Starting with the line containing "男性向けラノベタイトル風あだ名 | 『むらたなみの嫁は女の子じゃないと思った?』 |" and going on through the line containing "The DEDRA DED6593", return the lines of the data below exactly, and only those.

▸ Input data
BEGIN
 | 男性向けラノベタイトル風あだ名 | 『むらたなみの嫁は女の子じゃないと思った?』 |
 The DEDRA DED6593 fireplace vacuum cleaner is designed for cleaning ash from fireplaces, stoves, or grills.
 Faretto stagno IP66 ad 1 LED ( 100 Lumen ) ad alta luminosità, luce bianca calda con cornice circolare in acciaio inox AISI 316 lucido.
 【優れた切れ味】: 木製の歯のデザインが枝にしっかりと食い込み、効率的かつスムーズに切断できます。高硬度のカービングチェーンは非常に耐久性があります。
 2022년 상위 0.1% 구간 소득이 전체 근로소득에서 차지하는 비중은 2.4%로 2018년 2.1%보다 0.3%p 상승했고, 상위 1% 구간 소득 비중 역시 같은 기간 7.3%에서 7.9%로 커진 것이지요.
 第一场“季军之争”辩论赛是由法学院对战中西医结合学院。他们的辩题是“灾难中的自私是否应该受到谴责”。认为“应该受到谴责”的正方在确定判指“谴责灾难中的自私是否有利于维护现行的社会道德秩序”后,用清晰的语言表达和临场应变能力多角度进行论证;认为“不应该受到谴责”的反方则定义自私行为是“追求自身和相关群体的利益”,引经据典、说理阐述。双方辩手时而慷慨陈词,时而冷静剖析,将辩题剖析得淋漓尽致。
END
BEGIN
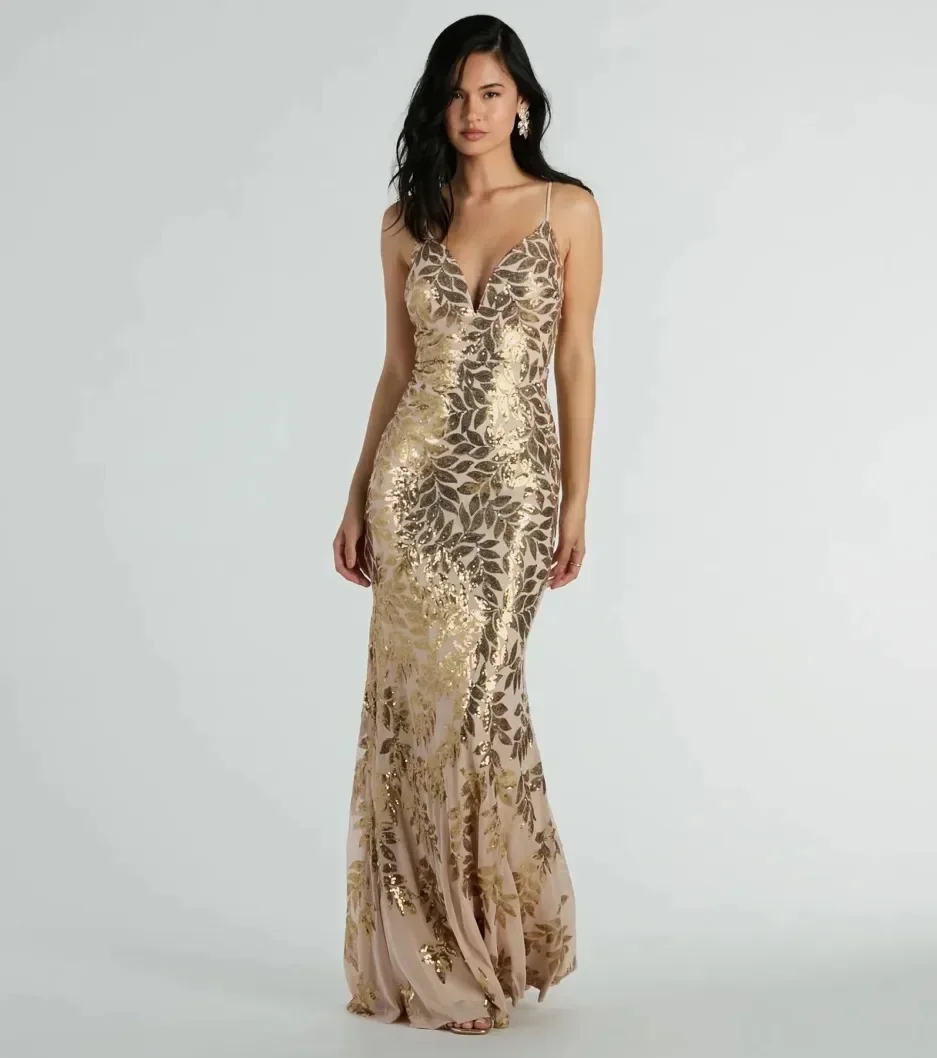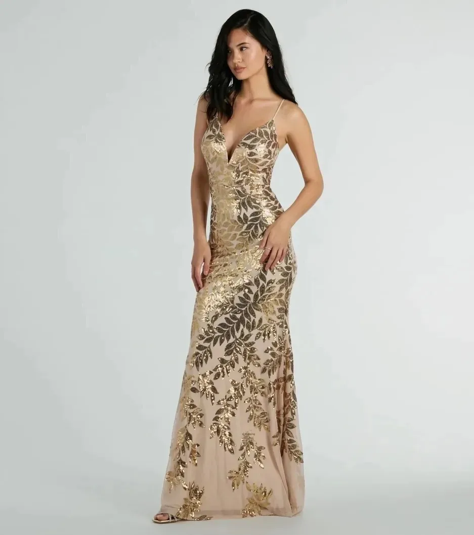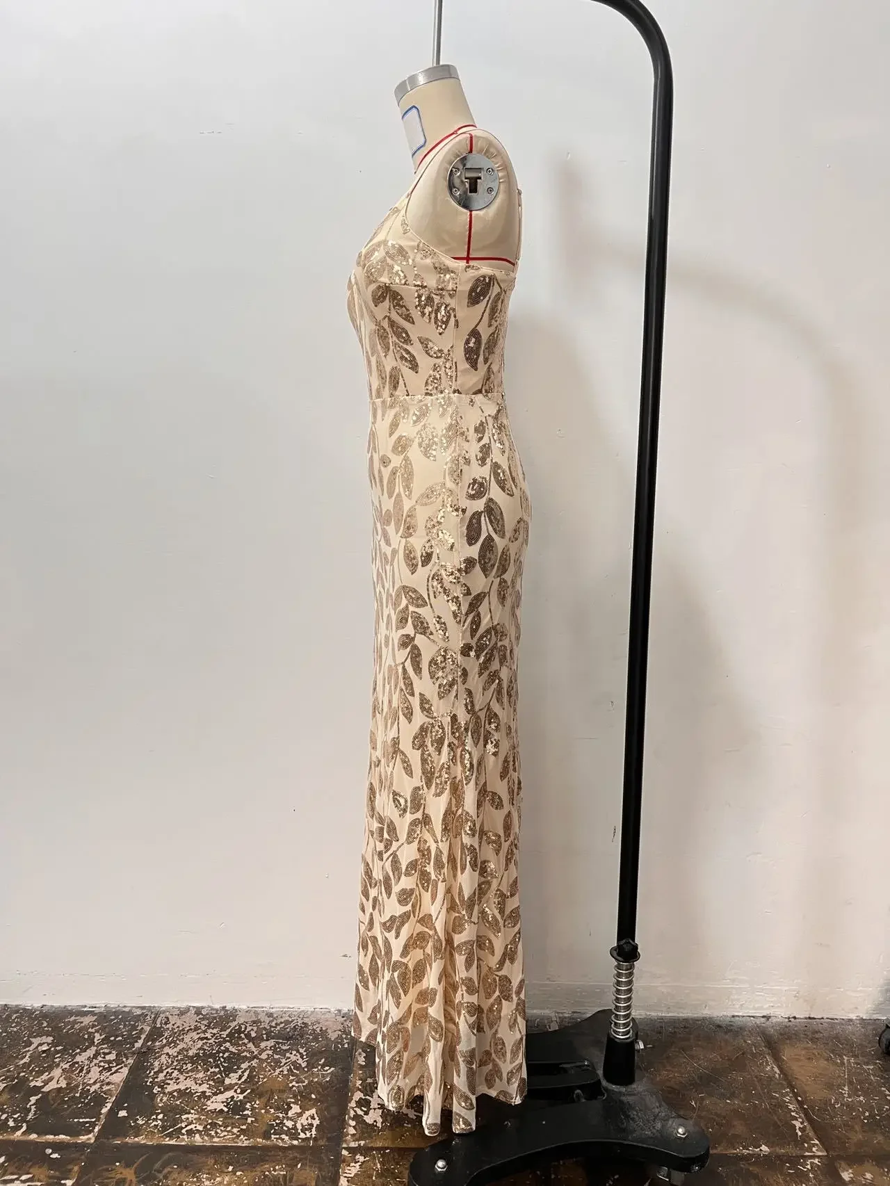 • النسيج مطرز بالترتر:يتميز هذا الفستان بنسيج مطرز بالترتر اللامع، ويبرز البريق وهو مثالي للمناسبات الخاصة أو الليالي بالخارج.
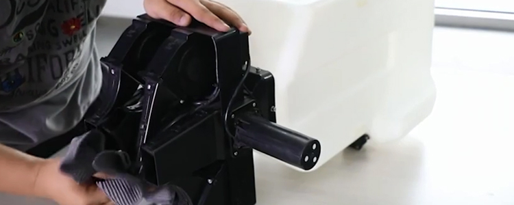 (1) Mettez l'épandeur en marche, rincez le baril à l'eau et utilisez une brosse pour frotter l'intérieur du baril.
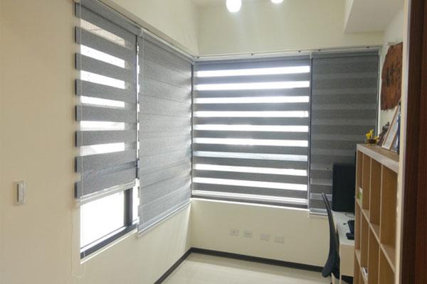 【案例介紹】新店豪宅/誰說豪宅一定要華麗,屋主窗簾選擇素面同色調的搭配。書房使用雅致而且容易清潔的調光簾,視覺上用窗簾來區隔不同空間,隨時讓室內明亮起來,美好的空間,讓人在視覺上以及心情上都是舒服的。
END
▸ Answer to the problem
 | 男性向けラノベタイトル風あだ名 | 『むらたなみの嫁は女の子じゃないと思った?』 |
 The DEDRA DED6593 fireplace vacuum cleaner is designed for cleaning ash from fireplaces, stoves, or grills.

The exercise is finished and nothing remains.